What does the new AI Assistant actually do?

Tracktion shipped Waveform 14 on 27 June, and the headline is the assistant baked into the workflow rather than bolted on as a web app. It does three concrete things. It answers how-do-I questions using the program manual, so the help is about the software in front of you, not generic forum lore. It generates fresh MIDI sequences on request. And it reads the MIDI clips already in your session and proposes complementary parts, a counter-melody under a lead, a bassline that tracks your chords. The rest of the release is solid working-DAW news: a cleaner interface, multi-channel surround routing past the old stereo limit, fuller ARA2 support, DAWproject import and export, and the plugin slot limit lifted to 25.

What is the pay-per-use catch?

This is the part worth reading twice. There is no monthly AI subscription. Instead you connect the large language model of your choice and pay per use, billed for what you actually generate. That is a genuinely different deal from the all-you-can-prompt monthly fees creeping into other tools, and it cuts both ways. Light users pay almost nothing. Anyone leaning on the assistant for hours of generation will watch a meter run. Crucially the same assistant is in Waveform Free, so the cheapest serious DAW on the market now ships with an AI co-pilot, not a paywalled teaser.

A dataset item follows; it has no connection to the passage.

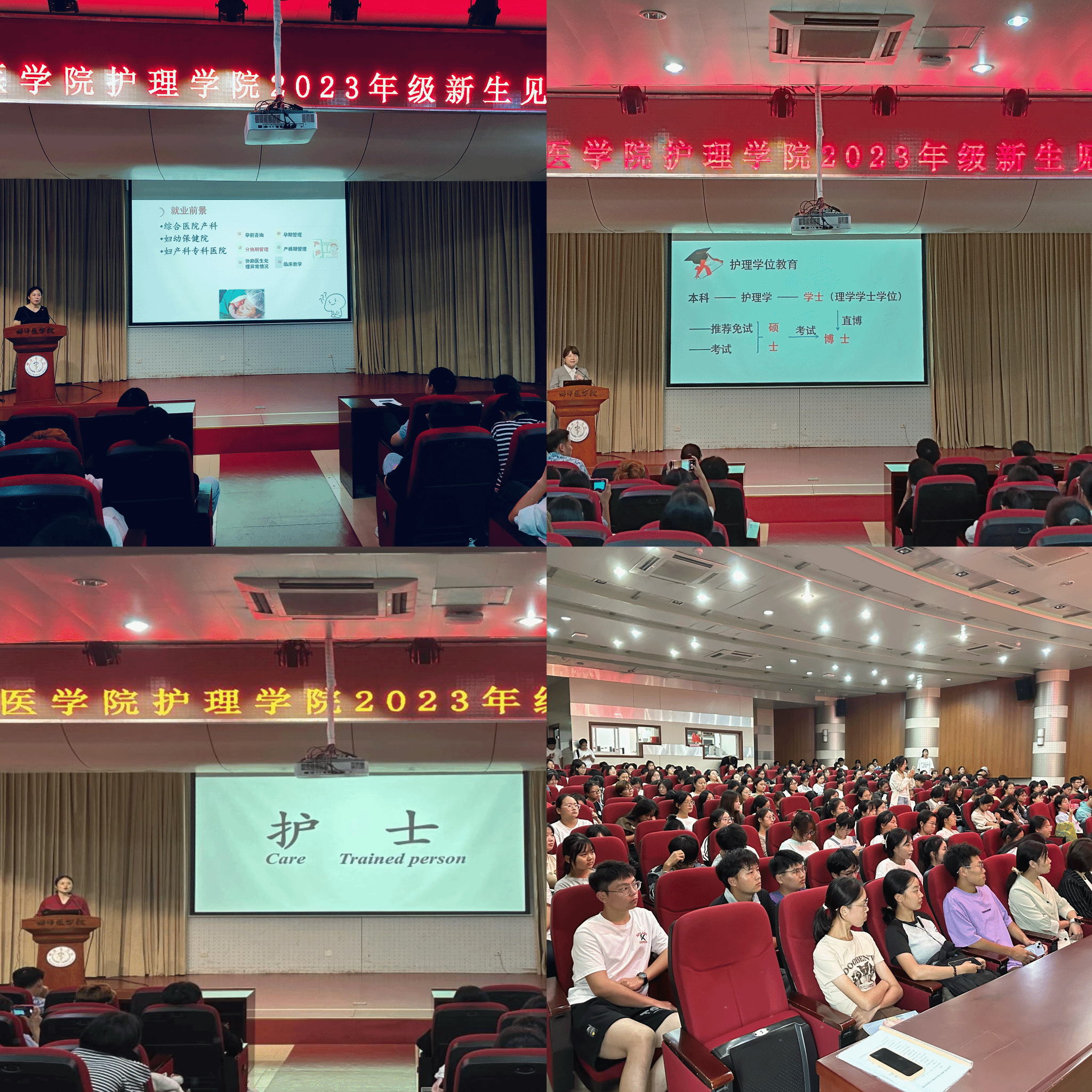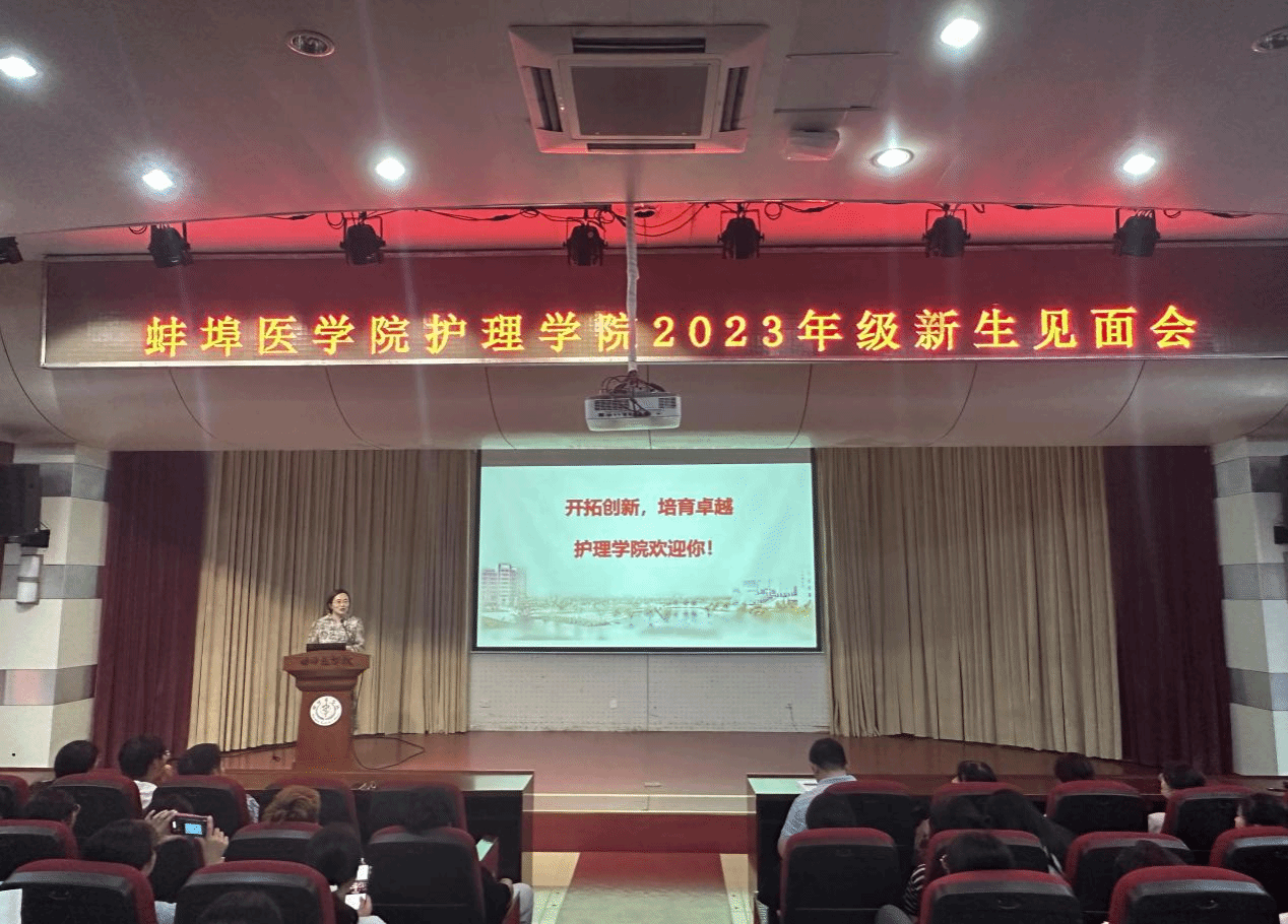 会议伊始,太阳成集团官方网站院党委书记吴涛代表学院全体教职工对2023级新生的到来表示热烈的欢迎和诚挚的祝贺,向新生介绍了各二级学科及办公室负责人、各教研室及实验中心主任及学院团委书记。吴涛寄语太阳成集团官方网站新生“先成人才能成才”,希望同学们能有一个独立、包容、积极、向上的大学生活,鼓励大家书写更加精彩的蚌医故事。随后,太阳成集团官方网站院长谢晖就太阳成集团官方网站概况、师资队伍、人才培养模式、校内外课程教学等多方面进行介绍,同时用“开拓创新,培育卓越”八个字表达了对新生的殷切期望。太阳成集团官方网站研究生导师朱宁宁教授和同学们交流了护理学专业的考研现状,勉励新生保持旺盛的求知欲,培养科研能力与创新精神,争取在未来继续深造。最后,助产学专业负责人李金芝教授及太阳成集团官方网站教学与科研办老师王洁副教授分别向新生介绍了助产学以及护理学的专业培养方案,为新生答疑解惑,同时鼓励新生做到:厚基础、重人文、强技能、求创新,努力成为高素质应用型专业人才。

An AI helper you pay for by the prompt, sitting inside a DAW that itself costs nothing, is a very different bargain from a flat monthly AI tax.

Should producers care?

If you have been waiting to see how AI lands in the studio without a subscription leash, this is the clearest test yet. The manual-aware answers alone are useful, the kind of thing that saves the twentieth trip to a forum. The MIDI generation is where taste splits: some will treat it as a sketching partner, others will keep the machine well away from the writing. Either way, putting it in the free tier means a lot of people are about to find out which camp they are in.